Sungguh, baru pertama kali ini, ia bertemu seorang gadis, yang bisa membuatnya banyak bicara.
"Iya, aku lipilut, Om Buto Ijo yang jadi raksasanya." Gadis itu menyeringai, mengejek Revano.
"Liliput, bukan lipilut!"
"Nah itu."
"Lanjutkan ceritamu tadi, kenapa kamu menangis?"
"Senapsaran ya, Om?"
"Penasaran!"
"Nah itu! Jadi, Abangku itu namanya, Wira, dia anaknya Acil Wirda. Dari kecil, aku suka sama dia, tapi dia nikah sama Kak Helma. Aku patah hati."
"Jadi dia bukan pacarmu?"
"Bukan, tapi aku suka dia. Aku mau dia jadi jodohku, tapi.... " gadis itu terisak lagi.
"Terus, ini kamu ke Jakarta ingin ke tempat siapa?" Revano mencoba terus mengajak bicara gadis itu, agar gadis itu tidak menangis terus.
"Pamanku, adiknya Amma."
"Amma?"
"Ibuku!"
"Ooh, kamu kabur dari rumah?"
"Heum."
"Orang tuamu pasti cemas mencarimu."
"Mereka akan tahu kalau aku di tempat Pamanku."
"Apa kamu tidak akan pulang lagi?"
"Aku ingin kuliah di Jakarta saja, aku ingin mencari jodoh orang Jakarta. Kalau bisa, aku ingin membawa pulang calon suami. Biar Bang Wira tahu, aku juga bisa dapat pasangan."
Revano ingin sekali tertawa, mendengar nada manja, dan kekanakan dari gadis di sebelahnya.
"Kenapa kamu tidak mengatakan perasaanmu pada si Wira itu?"
"Kata Abba, dan Amma, tidak boleh pacaran. Aku pikir, kisah cintaku akan seperti kisah cinta Abba, dan Amma. Ternyata aku salah.... " gadis itu mulai terisak lagi.
"Jadi, tujuanmu kabur ke Jakarta, ingin kuliah, apa ingin mencari suami?"
"Dua-duanya."
"Kamu masih terlalu muda untuk menikah."
"Dari tadi, Om nanya terus, Om ini watrawan ya?"
"Wartawan!"
"Nah itu!"
"Tidak, aku pengusaha."
"Ooh, Abbaku petani."
"Abba?"
"Ayahku"
"Petani?" Revano menatap gadis di sebelahnya dengan lekat. Wajah Timur Tengah gadis ini sangat kentara terlihat. Wajah mungilnya, dihiasi alis hitam nan tebal. Matanya lebar, dengan bulu mata lentik. Hidungnya mancung, khas Timur Tengah. Kulitnya putih bersih.
"Kenapa Om menatapku seperti itu?"
"Benar kamu anak petani?"
"Kenapa? Jangan menghina profporsi petani ya!" mata indah itu mendelik gusar.
"Profesi," Revano meralat ucapan gadis itu.
"Nah itu!"
"Kamu keturunan Timur Tengah?"
"Hmmm, neneknya, nenekku orang sana."
"Ooh."
Mereka kembali terdiam.
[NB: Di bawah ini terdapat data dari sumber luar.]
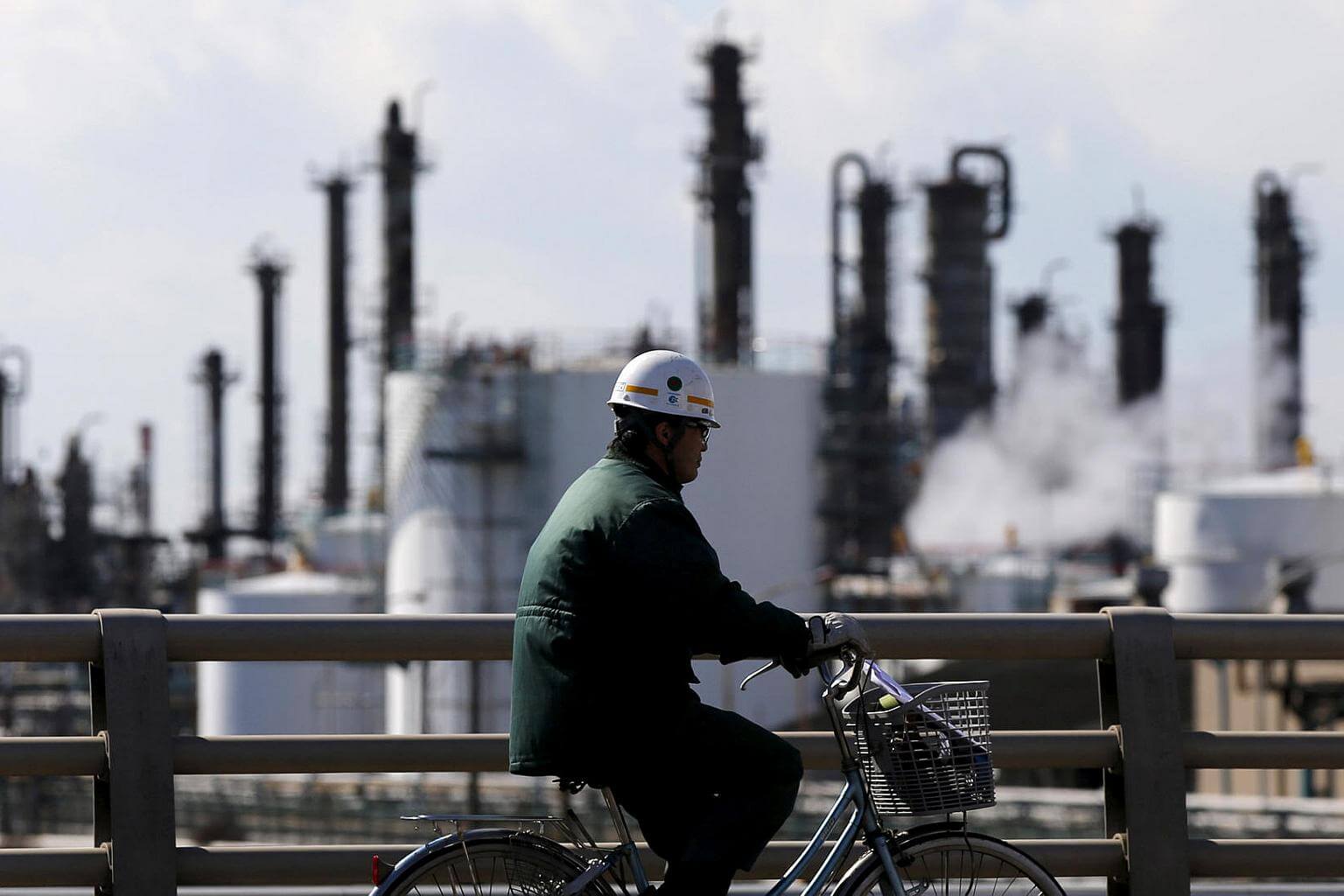 A worker cycles near a factory at the Keihin industrial zone in Kawasaki, Japan.

Cukup lama mereka terdiam, Revano tidak lagi mendengar isakan si gadis. Revano merasakan ada yang membebani lengannya, ia melirik gadis itu, si gadis tampak memejamkan matanya. Kepala mungil si gadis jatuh di atas lengan Revano.
Revano menarik napas, gadis ini mungil persis ibu, dan kedua adiknya. Tapi yang unik, gadis ini sering kali salah melapalkan kata-kata. Revano mendorong kepala mungil itu agar menjauhi lengannya. Ia takut gadis itu ngiler, dan mengotori jaket yang ia pakai. Tapi, kepala mungil itu selalu kembali jatuh ke lengannya.
Tanpa sadar, Revano jadi memperhatikan wajah mungil si gadis. Ia harus mengakui, kalau gadis yang bersamanya sangat cantik, meski terlihat masih seperti anak-anak.
'Hmmm, dia mencari suami, aku juga harus segera membawa seorang wanita ke hadapan ayah, dan ibu, sebagai calon istri, apa ... hey Vano, apa yang ada di otakmu. Masa iya, kamu berpikir untuk memperistri gadis yang baru kamu temui hari ini, jangan gila!'
Revano menghembuskan napasnya. Ia enggan menerima perjodohan yang diajukan kedua orang tuanya. Tapi, ia juga enggan mencari calon istri untuknya. Dilirik lagi, gadis di sebelahnya, yang masih nyaman tertidur dengan bersandar pada lengannya.
Perlahan, ia kembali mencoba memindahkan kepala si gadis agar menjauh dari lengannya. Tapi, tetap saja, kepala itu kembali bersandar ke lengannya. Bahkan, kini si gadis yang ia belum tahu namanya itu memeluk lengannya.